OpenDroneMap / ODM

A command line toolkit to generate maps, point clouds, 3D models and DEMs from drone, balloon or kite images. 📷
https://opendronemap.org
GNU Affero General Public License v3.0
4.8k stars 1.09k forks source link

Incremental image processing #1024

Closed rligocki closed 3 years ago

rligocki commented 4 years ago

I would like to ask if there is any way how to process images on the go. I have a computer, that captures images as a UAV fly survey. My goal is to process images one by one as they are captured so that after a flight, there is no need to post-process anything because orthomosaic or DEM is already generated. Best way to do that would be to create a task and then add images to queue. Everything using python.

Thanks Roman

pierotofy commented 4 years ago

Currently ODM does not support "live" image stitching, although it would be a really cool feature.
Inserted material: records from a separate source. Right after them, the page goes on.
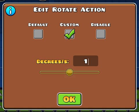 Edit Special to give them a custom rotation. There are three options: the default rotation, which randomly fluctuates between a set of rotation speeds; the custom rotation which lets you input a specific rotation speed measured in degrees per second; and the disable rotation, which ceases all rotation on the block.
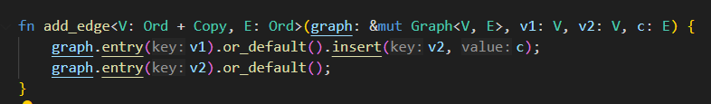 fn add_edge<V: Ord + Copy, E: Ord>(graph: &mut Graph<V, E>, v1: V, v2: V, c: E) {
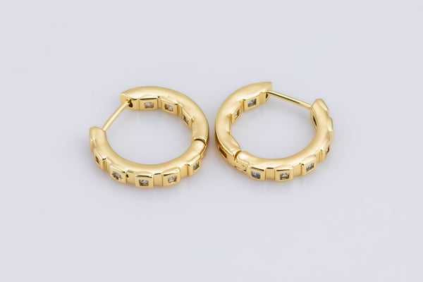 24mm 18kt Gold Big Hoop Earring with Geometric CZ Bezel Set- 1 pair per order
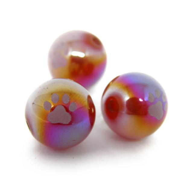猫の足跡 猫の肉球ビーズ NO2 レッドカルセドニーオーラ 10mm玉 素彫り レーザー彫刻ビーズ・彫りビーズ 天然石 パワーストーン / インペリアルオーラ
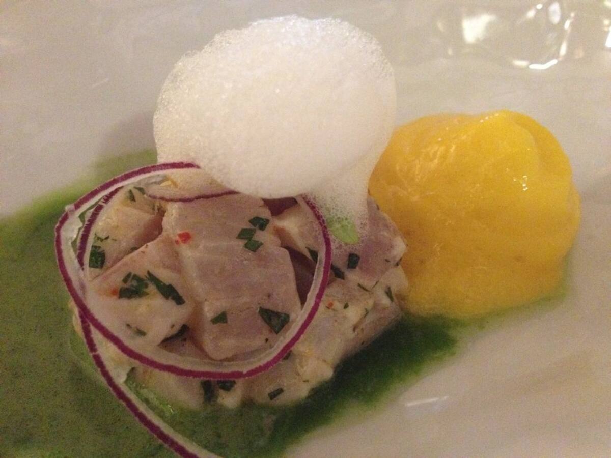 El ceviche de robalo con espuma de mango de Motril (22 euros) forma parte de la carta y de los menús degustación del restaurante El Claustro.
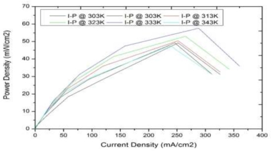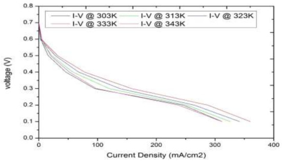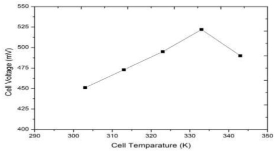 Experimentation of the squoval-shaped manifold holedesign(SSMHD)-based DMFC was carried out with a Pt-Ru/C catalyst combination in order to determine the optimum operating temperature (TCell) of the DMFC with a methanol concentration of 1 M and a methanol flow rate of 1 mL/min. The output voltage of DMFC for a defined current was measured using an electronic load bank and the performance of DMFC was analyzed. Voltage and power density obtained during the run of the experiment against current density were plotted (I–V Curve and I–P Curve) and are shown in Figure 9 and Figure 10, respectively.

We'd welcome contributions to implement this.

Relevant: https://piero.dev/2018/08/toward-real-time-drone-mapping/

annesteenbeek commented 4 years ago

This is also something I would like to implement. Preferably I would like to be able to generate a task that either monitors a folder or has some hook to take in new images. Maybe also some way to broadcast on when the map has been updated. I'm just starting to familiarize myself with the codebase, how much work would this be to implement, and does anyone already have some tips on where to start?

If I have time to spare, I would also like to look at supporting this feature into webODM.

Preferably I would have some pipeline that does stitching, DSM, and classification.

pierotofy commented 3 years ago

This is still a very much welcomed feature, but probably belongs to a separate repository / application for the ODM ecosystem. The methods to do live "stitching" are quite different than the ones used by ODM.

It would be cool if somebody figured out a nice way to package https://github.com/ethz-asl/aerial_mapper which seems to do exactly this.

smathermather commented 3 years ago

Agreed. It is sufficiently different an approach that it would need to be a separate tool.